My 5-year old daughter had two friends over for a playdate this week. They were upstairs playing with the dress-up box and came traipsing down, all dolled up. One of the girls was wearing a pink boa, sunglasses and a tiara. She looked at me, curled her little lip and said, "Your house isn't very much fun."
Welcome to the world of Pre-Mean Girls.
I labeled it as such because I noticed the phenomenon as early as preschool. Three years old and these girls were already looking around to befriend the girl who had the cutest Dora sandals, only to later withdraw their friendship when a cuter pair of My Little Pony sandals walked by.
And Pre-Mean Girls, like their later incarnations, Middle-Mean Girls and full-fledged MEAN GIRLS, tend to travel in packs of three. A queen bee and two worker bees, both valiantly struggling to be the best friend. And one of them always has the edge, which leaves the third clinging on for dear life, always laughing a bit too loud and trying a bit too hard.
I was the third. And so is my daughter.
At a party a few weeks ago, I saw my daughter running after those two girls. Running. And she was wearing a new pair of jeans that were a little too big for her so she was running and hitching up her pants. Running and hitching. And crying. I felt like I was going to puke.
All those memories came flooding back of me and Deena and Merritt. Yes, those are their real names, but no last names, of course. We must protect the Mean Girls at all costs, musn't we?
Deena was the ringleader. Deena had the coolest bedroom, the most-laid back mother and a father who rode a motorcycle and wore Patchouli. She held a killer seance ("light as a feather, stiff as a board...") and she could make Merritt jump with one sideways glance of her blue eyes.
Me too, apparently, since I was caught shoplifting Bonne Belle Lip Smackers to give Deena as a gift, so that she would like me better than Merritt. This ploy did not work since I was grounded for shoplifting and missed Merritt's birthday sleep-over, which was such an awesome party (including pranks like wet training bras in the freezer; can't get much better than that), that Deena decided that Merritt was her best friend and she didn't need me any more.
So she stopped speaking to me.
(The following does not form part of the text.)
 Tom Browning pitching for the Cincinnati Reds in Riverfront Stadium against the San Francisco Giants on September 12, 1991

For a year.
I was devastated. Not only was I cut out of the best seances that the 6th grade had to offer, Deena and I shared a locker and it was heartbreaking and humiliating to share a locker with someone who literally would. not. speak. to. me. I would say things like, "You're really not going to talk to me at all? What did I do?" and she would take her books and walk away.
I used to have fantasies of grabbing her head and drowning her in a basin of Patchouli and then summoning her back at a seance and asking her how Hell was treating her.
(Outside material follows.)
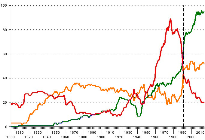 Distribution of score of the countries on the Polity Index 1800-2014.
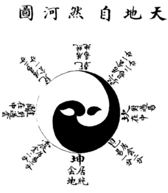 Bagua diagram by Zhao Huiqian ("River Chart spontaneously [generated] by Heaven and Earth" 圖河.自地天). This image may in fact be a reproduction of the diagram by Hu Wei in his Yitu mingbian ("Clarification of the diagrams in the book of changes"), dated 1706. Reproduced in: François Louis, 'The Genesis of an Icon: The "Taiji" Diagram's Early History', Harvard Journal of Asiatic Studies 63.11 (June 2003), p. 171. Joseph A. Adler, Reconstructing the Confucian Dao: Zhu Xi's Appropriation of Zhou Dunyi, SUNY Press, 2014, p. 158

And now I'm a Mom and my daughter is running after the Pre-Mean girls and I'm treading very carefully. I don't dare forbid her to play with them, because we all know that will only make her want them more. So I have them over for playdates so I can keep an eye on them and respond to rude statements like the one I mentioned with a big smile and a "Wow. That was really rude." (She did have the sense to blush). And I talk to my daughter about what real friendship is. And I pray. A lot. And last, but not least, I became a Girl Scout troop leader and made a Sisterhood Quilt.
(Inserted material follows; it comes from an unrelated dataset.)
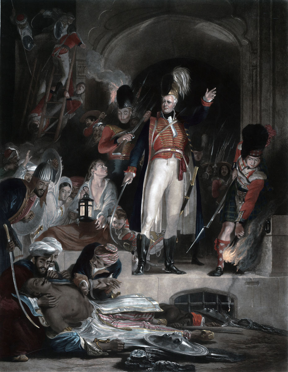 General Sir David Baird discovering the body of Sultan Tippoo Saib after storming Seringapatam.

This is my attempt to lessen Pre-Mean Girlism. I walk around those girls, just sniffing for a hint of it, and when I smell that funky odor, I pounce. "That is your Girl Scout sister and you need to treat her with kindness and respect", I fairly hiss. In fact, I think I'm so scary about it, they probably act nice to appease the Crazy Lady. Hey, whatever it takes. The Sisterhood Quilt is a project we did to earn our Be a Sister to Every Girl Scout daisy petal. We paired each girl with another girl they didn't know very well (or didn't like very well), and they had to spend time together interviewing each other and drawing each other with their favorite foods and hobbies. Then, the miraculous Kim screened the pictures onto fabric, edged it and sewed the whole thing together.
Can I single-handedly prevent Pre-Mean Girlism? No. But every time I look at that quilt and see all their names sewn together, I know that I'm trying my best. And maybe, just maybe, my daughter or one of her Girl Scout sisters will figure it out, so that they will decide to NOT share a locker with OR shoplift Bonne Belle Lip Smackers for a Mean Girl.